Arron Stanton Training

Monday, August 11, 2008

Our Unique Journey

Making one's way in life is often making it in the fog. We can't see what comes next; all we have to help us set our direction is what already we have seen and what we are seeing now.

From what we have seen of life we gather together our bearings. These consist of what we believe are patterns of action and consequence. When you see bird flocks fly across the sky, you know winter is coming. 

I have not gone over the photos I took on the trip to the Amalfi Coast last May. I've processed a few photos when browsing the folders in Aperture but I have not gone through every image. Most of what I've seen are forgettable images. They are more useful for recapturing the adventure but as art they fail miserably.

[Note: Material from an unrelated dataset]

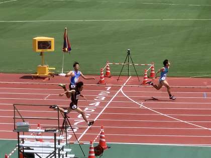 陸上競技部は2名の生徒が標記の大会(共通男子100m、共通女子100m)に出場しています。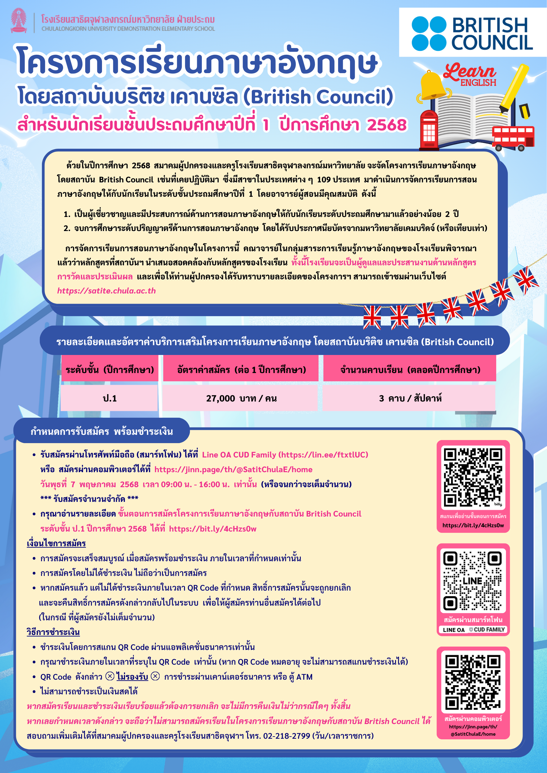 โครงการเรียนภาษาอังกฤษ โดยสถาบัน British Council สำหรับชั้นประถมศึกษาปีที่ 1 ปีการศึกษา 2568

While taking the photographs I believed I was capturing something of what I was experiencing at the time. The images bring back the experience but without my memories the images themselves don't tell anything of the story. An artistic image is a moment plucked from the story line that somehow communicates a story, not always the same story, just by itself. When I put several photos together, the story emerges so maybe as a collection the images could work.

Yesterday I viewed two mini DV tapes on the new Sony field player. I found the interview with Sean about his views on women and relationships with women as moving as ever. I remember showing it to Francisco who commented on how frank Sean was in his answers. "What is woman?" I started out asking him. As though talking to himself he gave answers that seemed to come unedited directly from inside him. There was no acting here. Good actors could perhaps mimic this directness but that shoot made me want to make movies about real people but real people who are able to reveal their souls as openly as Sean did. 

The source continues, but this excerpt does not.